▸ WORK INSTRUCTION: Below, locate the line that contains "КонцертиМАРТОВСКЕ МАСТЕР АРТ". Repeat exactly from that line to the line that contains "3月21日,国家税务总局发布", inclusive, leaving out the pictures.

▸ SOURCE MATERIAL:
- - -
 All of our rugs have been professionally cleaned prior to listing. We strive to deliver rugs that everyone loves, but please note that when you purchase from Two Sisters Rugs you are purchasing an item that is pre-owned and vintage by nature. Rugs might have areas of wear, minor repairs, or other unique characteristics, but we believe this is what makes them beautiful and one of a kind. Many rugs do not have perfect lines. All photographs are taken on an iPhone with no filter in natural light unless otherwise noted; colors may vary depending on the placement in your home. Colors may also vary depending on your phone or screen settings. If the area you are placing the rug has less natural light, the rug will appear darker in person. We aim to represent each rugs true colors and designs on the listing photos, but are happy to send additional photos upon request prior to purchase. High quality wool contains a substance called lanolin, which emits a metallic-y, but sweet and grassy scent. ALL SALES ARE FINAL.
- - -
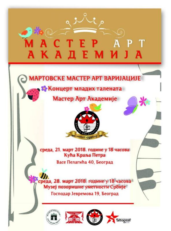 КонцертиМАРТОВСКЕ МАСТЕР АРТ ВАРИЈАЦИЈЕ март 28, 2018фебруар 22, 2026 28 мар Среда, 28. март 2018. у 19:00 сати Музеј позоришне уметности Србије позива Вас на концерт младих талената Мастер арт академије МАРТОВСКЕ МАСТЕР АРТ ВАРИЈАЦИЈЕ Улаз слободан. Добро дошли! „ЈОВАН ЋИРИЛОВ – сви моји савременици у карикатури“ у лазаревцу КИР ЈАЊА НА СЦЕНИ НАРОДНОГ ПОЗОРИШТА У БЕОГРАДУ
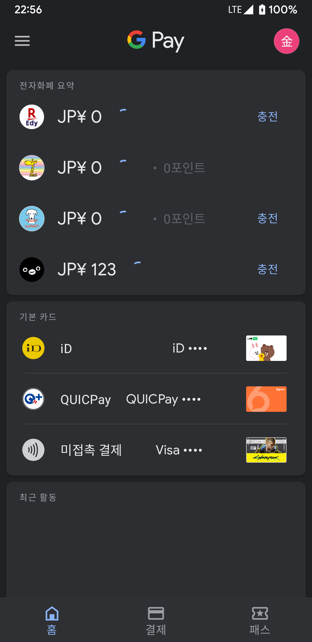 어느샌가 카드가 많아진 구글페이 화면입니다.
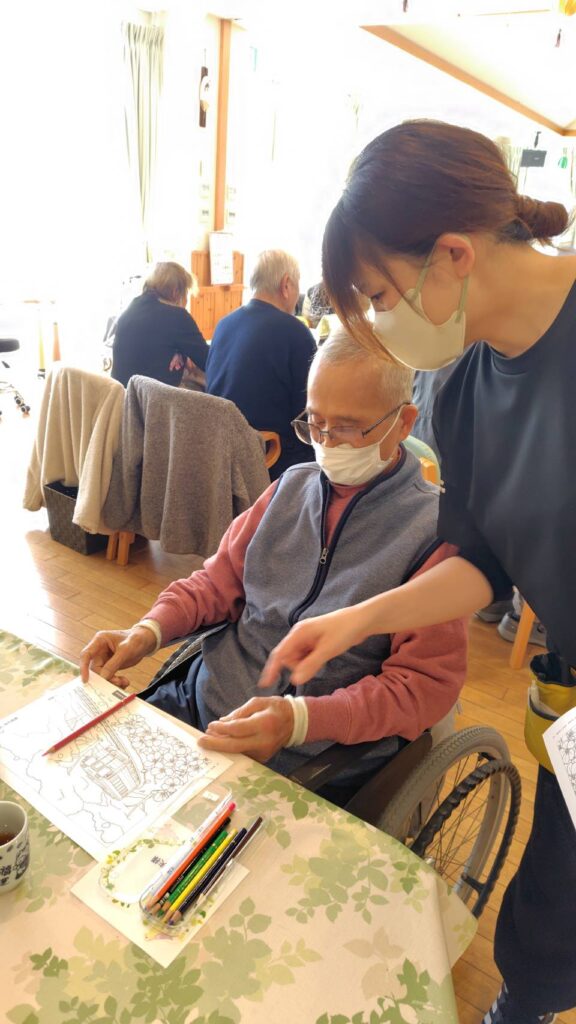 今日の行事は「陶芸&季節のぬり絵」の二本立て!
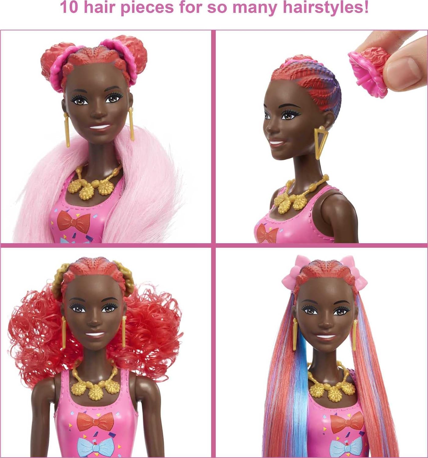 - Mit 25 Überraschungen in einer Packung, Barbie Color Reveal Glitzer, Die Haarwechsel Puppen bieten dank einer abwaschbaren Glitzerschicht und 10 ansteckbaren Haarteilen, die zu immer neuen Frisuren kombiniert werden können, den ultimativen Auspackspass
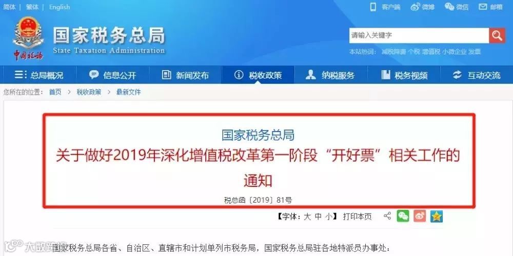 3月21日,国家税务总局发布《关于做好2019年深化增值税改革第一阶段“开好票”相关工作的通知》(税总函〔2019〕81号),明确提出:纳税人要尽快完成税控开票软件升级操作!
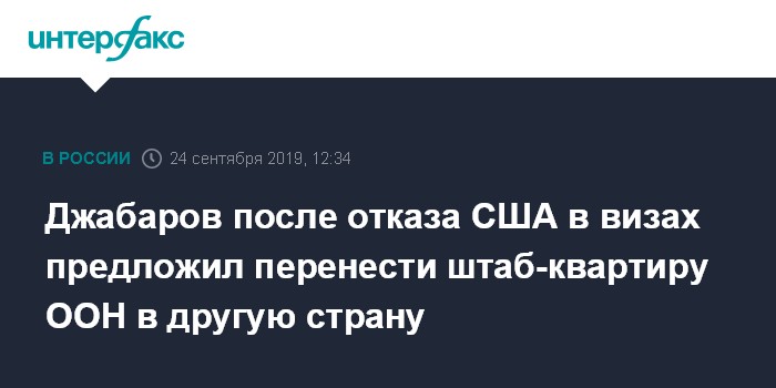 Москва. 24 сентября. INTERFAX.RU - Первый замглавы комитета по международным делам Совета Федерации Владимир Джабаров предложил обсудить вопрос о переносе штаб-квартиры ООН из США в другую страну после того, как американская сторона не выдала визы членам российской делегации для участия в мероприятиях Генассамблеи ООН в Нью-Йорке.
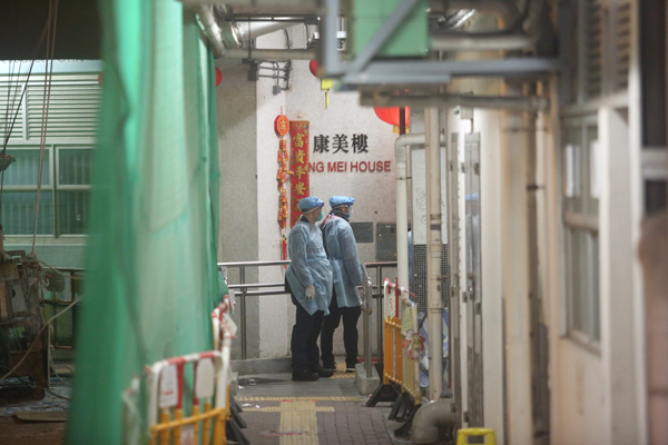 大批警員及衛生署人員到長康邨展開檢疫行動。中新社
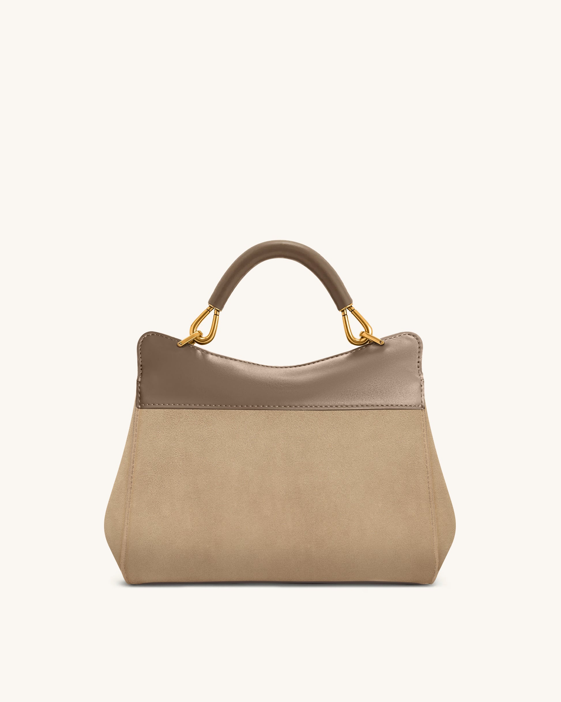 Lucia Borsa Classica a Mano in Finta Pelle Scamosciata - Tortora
- - -
▸ RESPONSE:
 КонцертиМАРТОВСКЕ МАСТЕР АРТ ВАРИЈАЦИЈЕ март 28, 2018фебруар 22, 2026 28 мар Среда, 28. март 2018. у 19:00 сати Музеј позоришне уметности Србије позива Вас на концерт младих талената Мастер арт академије МАРТОВСКЕ МАСТЕР АРТ ВАРИЈАЦИЈЕ Улаз слободан. Добро дошли! „ЈОВАН ЋИРИЛОВ – сви моји савременици у карикатури“ у лазаревцу КИР ЈАЊА НА СЦЕНИ НАРОДНОГ ПОЗОРИШТА У БЕОГРАДУ
 어느샌가 카드가 많아진 구글페이 화면입니다.
 今日の行事は「陶芸&季節のぬり絵」の二本立て!
 - Mit 25 Überraschungen in einer Packung, Barbie Color Reveal Glitzer, Die Haarwechsel Puppen bieten dank einer abwaschbaren Glitzerschicht und 10 ansteckbaren Haarteilen, die zu immer neuen Frisuren kombiniert werden können, den ultimativen Auspackspass
 3月21日,国家税务总局发布《关于做好2019年深化增值税改革第一阶段“开好票”相关工作的通知》(税总函〔2019〕81号),明确提出:纳税人要尽快完成税控开票软件升级操作!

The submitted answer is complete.